5.2. In-Vitro Corrosion in a Solution Simulating Mammalian Body Fluid

In addition to satisfactory mechanical properties, adequate corrosion characteristics are a key factor in the use of a wire as a BSW. Due to ethics and legal conditions, in-vivo study should be preceded by positive results in vitro. The first of such tests concerns the rate of corrosion, and our results are shown in Figure 6. About a 30–70% decrease in corrosion rate from decreases in drawing temperature was observed.
Typical images of the corroded wire surface, showing cracked corrosion products, were collected, and an example is shown in Figure 7. The image was registered during scanning electron microscopy study, using an S-3500N instrument from Hitachi (Hitachi Ltd., Tokyo, Japan). Similar images were recorded by [40] for the AZ80 magnesium alloy after exposure to body fluids-simulating chemicals.

5.3. Microstructure

Typical microstructures of the wires are shown in Figure 8. In these pictures, the drawing or extrusion direction is always along the horizontal axis. A completely recrystallized microstructure with equiaxed grains was typical for the as-extruded material (Figure 8a). This result confirms the computer simulation prediction that this material should be completely recrystallized (Figure 4d, Table 2).
The drawn materials’ microstructures were also consistent with the FEM model predictions, as shown in Table 2. Some grains, elongated in the drawing direction, were observed in the microstructure of the material drawn at the t350 temperature distribution (Figure 8b) and may be related to incomplete recrystallization, as was expected from the simulations (Table 2). Equiaxed grains, typical for the temperature distributions t400 and t440—with slightly larger grains for the second of these variants—indicate complete recrystallization, also expected, based on the computer modelling results.
During the X-ray diffraction study, peaks from phases with a hexagonal close-packed structure (A3, Pearson symbol hP2, space group no 194) were registered on XRD patterns. The dominant of these was identified as magnesium with the lattice parameters a = b = 3.2092(3) A, c = 5.2114(1) A, α = β = 90 °C, γ = 120 °C. The lattice parameters were very close to those for pure magnesium, which indicated low content of Mg-based elements in the solid solution. The second phase was identified as CaMg2, with lattice parameters a = b = 6.2528 A, c = 10.1435 A, α = β = 90°, γ = 120°; and its amount was very low (on the order of tenths of a percent, i.e., 0.1%, according to results of the Rietveld analysis [41,42], LHPM codes [43] implemented in the HighScore Plus software v. 3.0e (3.0.5) by PANalytical B.V., Alemo, The Netherlands). No significant effect of the material state on CaMg2 amounts was found. The Ca content in the alloy was relatively low, so the above results confirmed the relatively low solubility of Ca in Mg. The average size of the CaMg2 particles was determined to be 1 μm. The magnesium-phase texture confirmed that the material had recrystallized (Figure 9). For the as-extruded material, the ODF maximum was of 9.1. For the extruded-and-drawn materials, this value increased with drawing temperature to 7.1, 8.2, and 17.9 for t350, t400, and t440, respectively. The same trend was displayed in the intensity of (10.0) those planes nearly parallel to the long axis of the wire. Thus, the maximum values (10.0) of the pole figures were 2.6, 2.9, 4.0, and 4.2 for the as-extruded and extruded-and-drawn materials at t350, t400, and t440, respectively. For the other pole figures, the values were usually lower (e.g., for the sample drawn at t440, the maximum value of the pole figures (11.0), (10.1), and (11.1) was 2.5, 2.4, and 2.0, respectively). Thus, only (10.0) pole figures are shown in Figure 9.

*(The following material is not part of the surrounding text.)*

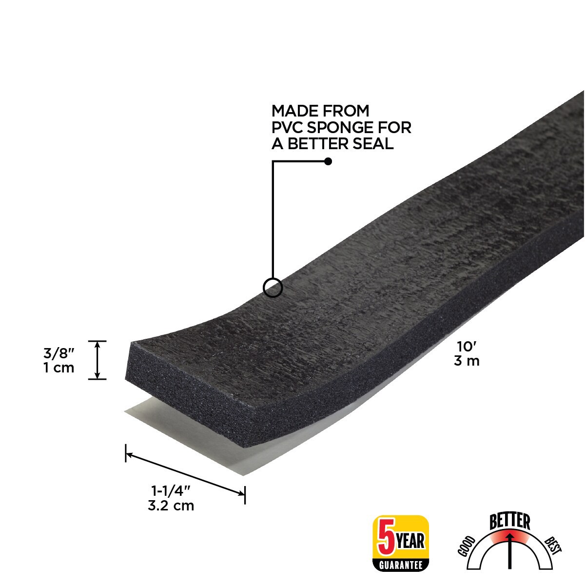 Made of closed-cell, PVC sponge tape. Seals gaps at the bottom of your window to protect against drafts, moisture, dust and insects. Minimal compression reduces vibration. Black color. Highly water re…

5.4. In-Vitro Cytotoxicity

The cell viability results are shown in Figure 10, separately, for the hPDL and SaOS-2 cells. During incubation of the wires for the extracts’ preparation, hydrogen evolution was observed (Figure 11). After preincubation, the surfaces of the samples turned dark, and the extracts changed colour to purplish, which indicated that the pH of the medium had become alkaline.
Regarding normal hPDL cells, the cytotoxic effects was observed mostly for the 3 cm2/mL extract ratio, with the strongest effects observed obtained from the t400 and t350 wire-processing methods. A similar trend was observed with the 1.5 cm2/mL extract ratio, but the cells’ survival under the t400- and t350-processed wires increased significantly, by 26.79% and 21.94%, respectively. The addition of the 0.75 cm2/mL extracts to the culture medium did not show any dependencies of cell viability on wire-processing method, and no tested extracts decreased cell viability beyond 65.87%. Notably, the extracts from the t440-processed wire least influenced cell viability, regardless of the studied extract ratio. In contrast, the extracts had much stronger cytotoxic effects on the human bone osteosarcoma cell line SaOS-2, and both the 3 and 1.5 cm2/mL extract ratios decreased cell viability below 50%. In these cultures, the dependence of cells’ survival on the wire-processing method was observed only for the 3 cm2/mL extracts and the trend was similar to that observed in hPDL cell cultures. Further dilution of the extracts to 0.75 cm2/mL did not much improve the SaOS-2 cells’ survival, and their viability remained at the averaged level of 50.16% for all processed wires.

6. Discussion

In the present study we confirmed the qualitative relationship between recrystallization amount and deformation condition, as predicted by FEM (i.e., microstructure and the mechanical properties). Quantitative determination of these dependencies is difficult due to the mutual influence of recrystallization and precipitates, especially given that the distributions of particles on the cross-sections of the extruded samples were not uniform (Figure 8a). Moreover, as the Mg-Ca eutectic temperature is only about 516 °C, the solid solubility of Ca in Mg is relatively low (i.e., about 0.9 wt. % at the eutectic temperature and 0.1 wt.% at the 350 °C [44]) and the corresponding part of the phase-equilibrium diagram has not been precisely determined in the available literature [45,46].
We have not found any effect of an alloy’s microstructure on its corrosion characteristic. According to our results, shown in Figure 6, an apparent increase in the corrosion rate due to drawing can be seen, and both the drawing temperature and the time of corrosion (τ) affected the corrosion rate (δ) of hot-drawn wires. The effect of the deformation temperature (t) (i.e., the material temperature in the deformation zone) on the corrosion rate can be expressed as:
δ = δ 0 + k   e x p ( α τ )   e x p ( β t ) ,
where: δ0, k, α, β are empirical coefficients, fitted by the least-squares method, of value k = 1.7905; α = -0.35849; β = 0.012447; δ0 = 4.4143. The average error of the approximation for the data from Figure 6 was equal to 7%.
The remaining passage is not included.